**Task details**
Set down a true copy of the data, with all pictures left out.

──────── Dataset records

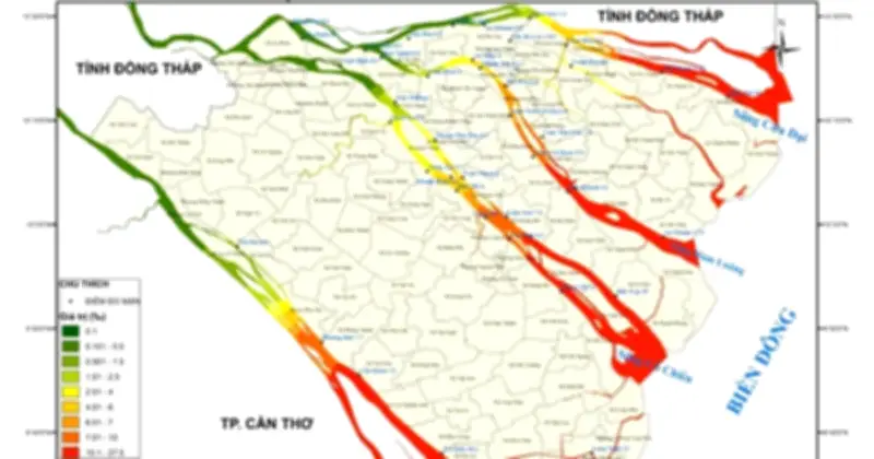 Với ranh mặn 4‰, khả năng xâm nhập sâu nhất được dự báo trên các sông như sau: sông Cửa Đại vào hơn 43km, sông Hàm Luông khoảng 56km, sông Cổ Chiên gần 55km, và sông Hậu hơn 57km. Đối với ranh mặn 1‰, mức độ xâm nhập còn nghiêm trọng hơn:
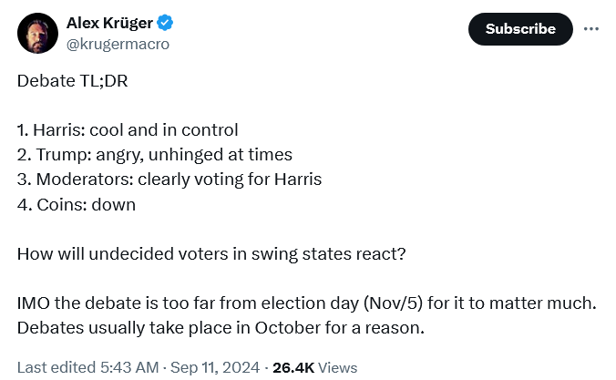 - Pirmieji debatai tarp kandidatų į JAV prezidentus Donald Trump ir Kamala Harris baigėsi be kriptoturto rinkos paminėjimų ir geriau vertinamais Kamala šansais laimėti (nors kova vis dar apylygė). Tad akcijų ir BTC rinkos dabar bando tai suvirškinti kiek smuktelėdamos.
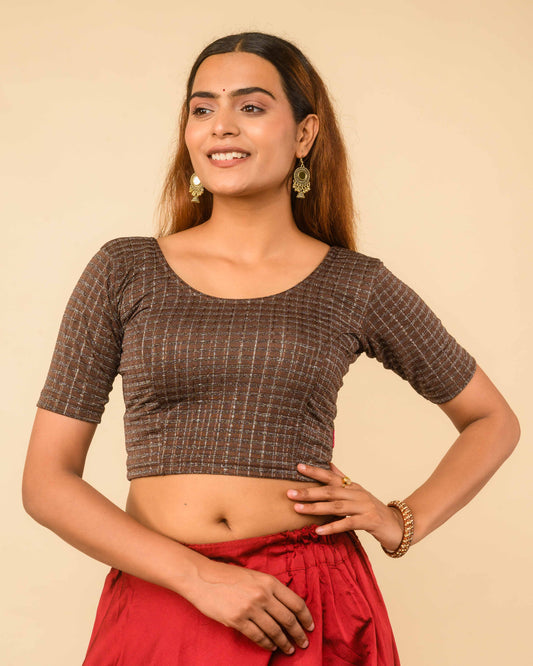 Paavna Mocha Organza Puff Sleeve Stretchable Saree Blouse Advi
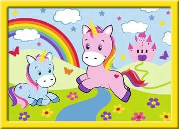 Schilderen op nummer van Ravensburger – iedereen kan schilderen! Dankzij de gekleurde buitenlijnen kunnen kinderen de afbeelding van de Eenhoornwereld en de benodigde kleuren sneller herkennen. Zo is het kinderlijk eenvoudig de kunstenaar in jezelf wakker te maken! Met grote schilderoppervlakken en veel verschillende kleuren zijn de schilderplaten van de schilderen op nummer Classic-serie van Ravensburger zeer geschikt voor de jonge kunstenaar. Uitpakken en aan de slag!
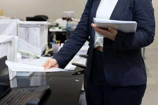 業務の一つとして、社長決裁に必要な書類の準備を行っています。押印漏れがないよう、付箋を用いて押印箇所を分かりやすくお伝えするなど、ミスや差し戻しが起きないよう細やかな気配りを心がけています。
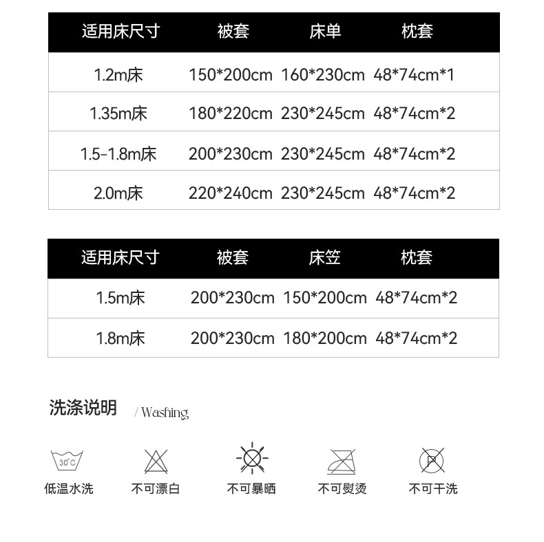 | Especificaciones de tamaño | Cama de 0,9 M [juego de tres piezas de sábanas] - adecuado para núcleo de edredón de 150 x 200 cm, cama de 1,2 m [juego de tres piezas de sábanas] - adecuado para núcleo de edredón de 150 x 200 cm, cama de 1,5 m [juego de cuatro piezas de sábanas] - adecuado para núcleo de edredón de 200 x 230cm, cama de 1,8 m [juego de cuatro piezas de sábanas] - adecuado para núcleo de edredón de 200 x 230cm, cama de 2,0 M [juego de cuatro piezas de sábanas] - adecuado para núcleo de edredón de 220x 240cm, cama de 1,5 m [juego de cuatro piezas de edredón de hoja] - adecuado para núcleo de edredón de 1,8 m [juego de cuatro piezas de edredón de edredón de hoja] - adecuado para 230 x 230 cm núcleo |
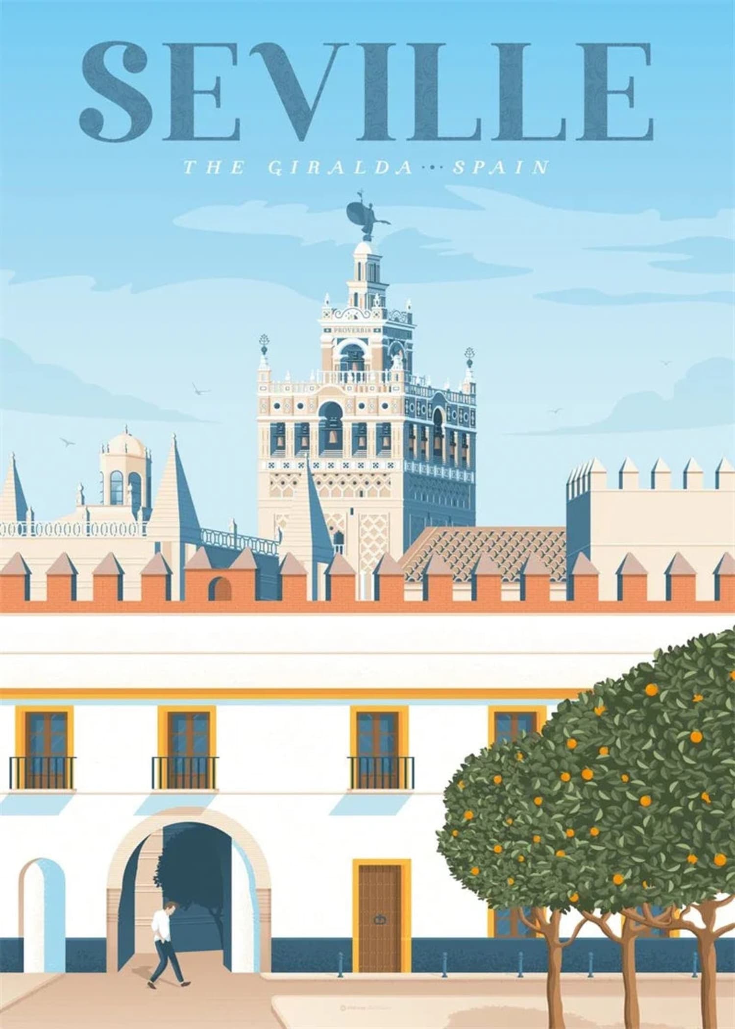 Iconic Destinations Poster | Seville, Spain | Scenic Travel Art Print for Home Decor
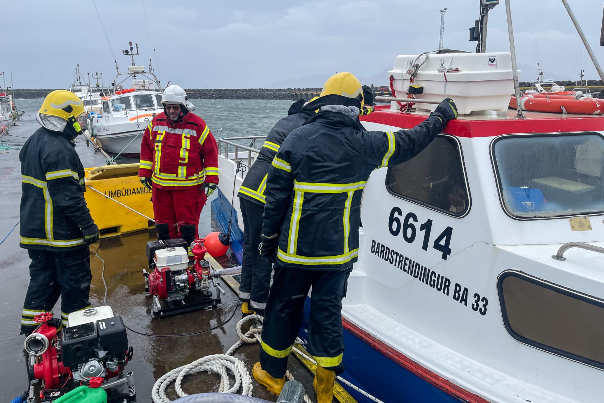 Slökkviliðið dælir upp úr strandveiðibátnum Barðstrendingi BA-33 sem lá við festar í Grundarfjarðarhöfn. Ljósm. tfk

────────────────

**Output below**
 Với ranh mặn 4‰, khả năng xâm nhập sâu nhất được dự báo trên các sông như sau: sông Cửa Đại vào hơn 43km, sông Hàm Luông khoảng 56km, sông Cổ Chiên gần 55km, và sông Hậu hơn 57km. Đối với ranh mặn 1‰, mức độ xâm nhập còn nghiêm trọng hơn:
 - Pirmieji debatai tarp kandidatų į JAV prezidentus Donald Trump ir Kamala Harris baigėsi be kriptoturto rinkos paminėjimų ir geriau vertinamais Kamala šansais laimėti (nors kova vis dar apylygė). Tad akcijų ir BTC rinkos dabar bando tai suvirškinti kiek smuktelėdamos.
 Paavna Mocha Organza Puff Sleeve Stretchable Saree Blouse Advi
 Schilderen op nummer van Ravensburger – iedereen kan schilderen! Dankzij de gekleurde buitenlijnen kunnen kinderen de afbeelding van de Eenhoornwereld en de benodigde kleuren sneller herkennen. Zo is het kinderlijk eenvoudig de kunstenaar in jezelf wakker te maken! Met grote schilderoppervlakken en veel verschillende kleuren zijn de schilderplaten van de schilderen op nummer Classic-serie van Ravensburger zeer geschikt voor de jonge kunstenaar. Uitpakken en aan de slag!
 業務の一つとして、社長決裁に必要な書類の準備を行っています。押印漏れがないよう、付箋を用いて押印箇所を分かりやすくお伝えするなど、ミスや差し戻しが起きないよう細やかな気配りを心がけています。
 | Especificaciones de tamaño | Cama de 0,9 M [juego de tres piezas de sábanas] - adecuado para núcleo de edredón de 150 x 200 cm, cama de 1,2 m [juego de tres piezas de sábanas] - adecuado para núcleo de edredón de 150 x 200 cm, cama de 1,5 m [juego de cuatro piezas de sábanas] - adecuado para núcleo de edredón de 200 x 230cm, cama de 1,8 m [juego de cuatro piezas de sábanas] - adecuado para núcleo de edredón de 200 x 230cm, cama de 2,0 M [juego de cuatro piezas de sábanas] - adecuado para núcleo de edredón de 220x 240cm, cama de 1,5 m [juego de cuatro piezas de edredón de hoja] - adecuado para núcleo de edredón de 1,8 m [juego de cuatro piezas de edredón de edredón de hoja] - adecuado para 230 x 230 cm núcleo |
 Iconic Destinations Poster | Seville, Spain | Scenic Travel Art Print for Home Decor
 Slökkviliðið dælir upp úr strandveiðibátnum Barðstrendingi BA-33 sem lá við festar í Grundarfjarðarhöfn. Ljósm. tfk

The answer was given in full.